As a kid the idea of weight never really registered for me. I always felt like beautiful little princess (*something I definitely credit my loving family for*). I was always an active kid, but I don't know that anyone would have called me sporty. I danced and swam competitively for most of my childhood and into my teens. So being active was just part of my life.

We were always outside and running around growing up. I grew up in the country and was always out exploring the fields and forests nearby. I think my Mom would agree - I was very high energy kid - so you would not find me sitting still very often.
Because of this active lifestyle, and my picky eating habits, I was always a pretty scrawny kid as well. I was always one of the smallest in my class.


Not much changed when I entered high school.
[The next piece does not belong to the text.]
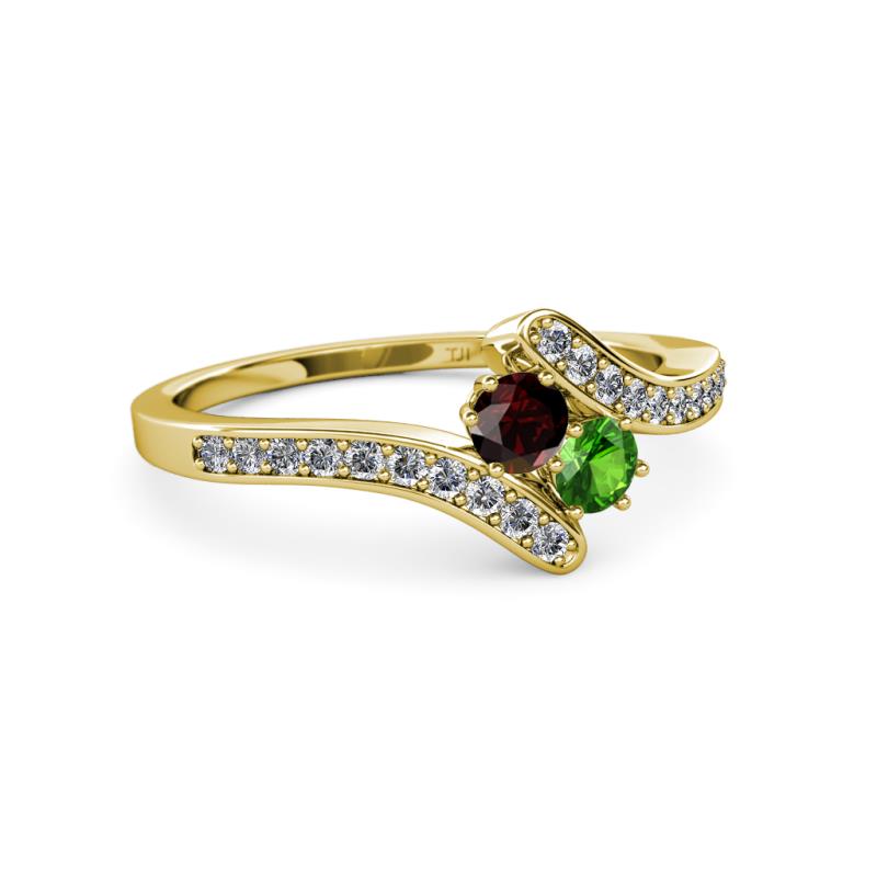 Red and Green Garnet 2 Stone with Side Diamonds Womens Bypass Engagement Ring 0.76 ctw 14K Yellow Gold More Details ...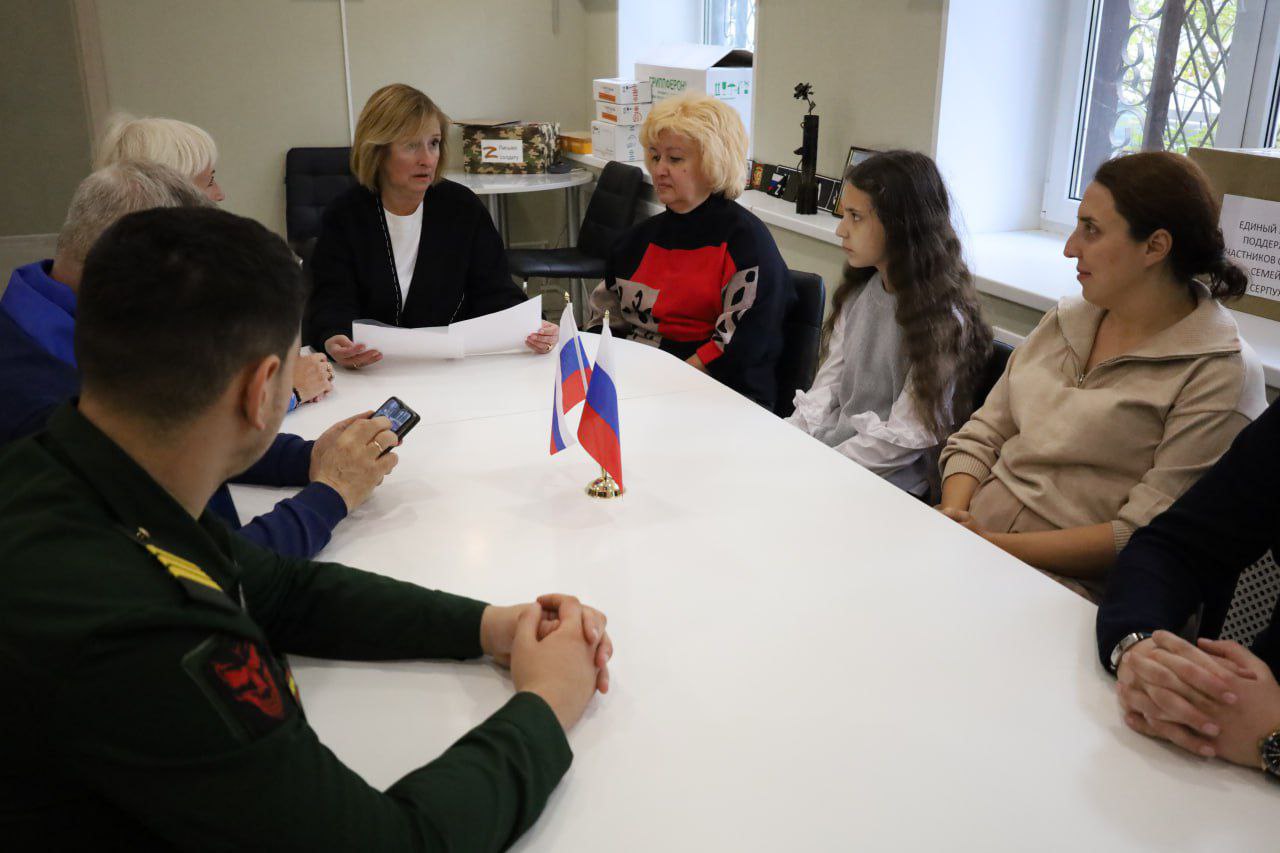 На встрече в Центре присутствовали руководитель общественной приёмной Серпуховского местного отделения партии «Единая Россия» Вадим Моторин, заместитель руководителя Ассоциации ветеранов СВО Александр Худобкин и депутат Совета депутатов Серпухова, председатель Совета сторонников партии «Единая Россия» Надежда Ерёмина.

I was still dancing and swimming competitively and I never gave much thought to my diet. My scrawny appearance didn't waver much for the first few years.


Things definitely started to change during my senior year. The summer before my senior year started I began experiencing regular dizzy spells. And I lost consciousness for the first time while driving home from my summer job. And my feelings about my body took a dramatic turn from here on out as I navigated doctors appointments and the fear of my new diagnosis. Exercise was no longer allowed, and food was my comfort. The weight started to pile on.
That's me on the left
When I look at these pictures now - my pain is so obvious. I was depressed. I was scared. But I had no idea what to do - so I ate.  I ate a lot. Because eating my feeling away was easier than saying I am having a hard time accepting my diagnosis. Because food didn't judge me and made me feel good. Because I was also in a place where I hated my body (a place I still go sometimes). So taking care of it and putting effort into it - just wasn't something I was about to do.


It took me awhile to realize that reality. At first it was just a couple of LBS and a bag of chips to ease the stress of my fresh diagnosis. Then a few more. My clothes were no longer fitting, but I was busy trying to find a treatment that worked for my condition so... There was some more stress eating and that had some how added up to 50 extra lbs. And then it was even more...It took me awhile to accept that I was in fact FAT. To accept that I had let myself get to this point.


One night, while struggling to find clothes that fit and contemplating just staying home so no one would have to see how chubby I was, it clicked. There wasn't going to be a quick fix. It was time to get started and now was the time.   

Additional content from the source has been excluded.